A second step consists of estimating the effect on the economy. Long-term interest rates determine the borrowing conditions faced by the government. They also affect what firms have to pay in order to fund investment through the user cost of capital. Tighter borrowing conditions depress investment, output and inflation. We employ the National Institute Global Econometric Model, NiGEM, to simulate the effect of a positive shock to long-term interest rates. Besides assuming symmetry between quantitative tightening and easing, we let the shock materialise over the course of one year as expectations are adjusted. We further assume that the ECB policy rate will remain unchanged beyond the end of asset purchases, in line with forward guidance given by the Governing Council. Figure D2 depicts the impact on the growth rate of real output from the hypothetical announcement of quantitative tightening. Around two years after the announcement, Euro Area GDP growth is estimated to be around 0.3 percentage points lower than our baseline forecast. GDP growth in Italy is affected somewhat more, whereas the impact on German GDP growth is negligible. Quantitative tightening would generate some deflationary pressure and prices would grow by around 0.2 percentage points less in the Euro Area as a whole, with varying effects across countries (figure D3). These results are similar to those found by Reference Clemens, Gebauer and RiethClemens et al. (2017) for an early QE exit scenario in the Euro Area.

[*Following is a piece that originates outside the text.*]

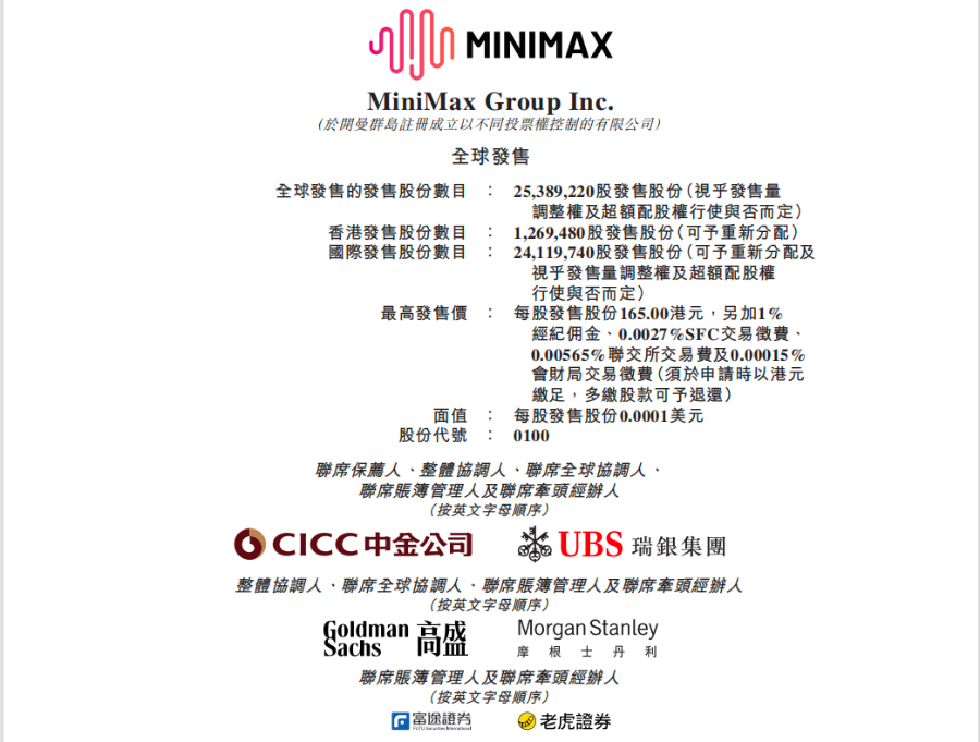 根据招股书,MiniMax本次IPO拟发行25,389,220股,定价区间为151至165港元/股,在不考虑发售量调整权及超额配股权行使的情况下,发行估值将介于461.23亿港元至503.99亿港元之间,预计将于1月9日正式登陆港股资本市场。
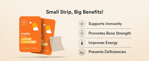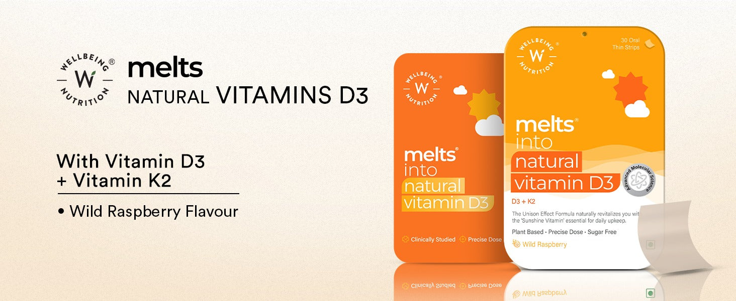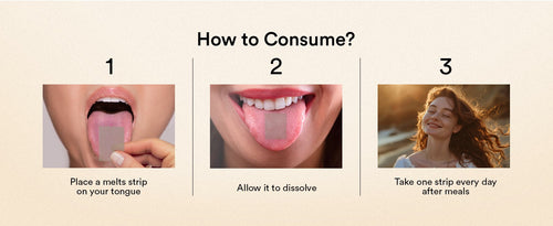Place a melts Natural Vitamin D3 strip on your tongue and allow it to dissolve. Take one strip post breakfast.

Figure D2. Response of real GDP growth to quantitative tightening (difference from base)

Figure D3. Inflation response to quantitative tightening (difference from base)

A number of caveats should be mentioned. Our estimates of the financial market response to QE announcements capture the impact of the stock of assets purchased and abstract from additional effects that the continued process of purchasing may have on yields (flow effects). In contrast to QE programmes by other central banks, ECB QE was announced at a time at which markets were relatively calm, which may have led to smaller bond yield responses. The impact of quantitative tightening may also depend on the business cycle and not be symmetric to the impact of QE.

Overall our findings imply that an announcement by the ECB of a reduction in its balance sheet would only have a small effect on the economy through the long-term interest rate channel. This supports the view that the ECB may want to use the current recovery, which was stronger than initially anticipated in 2017, to unwind unconventional monetary policy measures adopted during the crisis. However, our results also show that effects are likely to vary across countries, with some more vulnerable to a tightening announcement than others.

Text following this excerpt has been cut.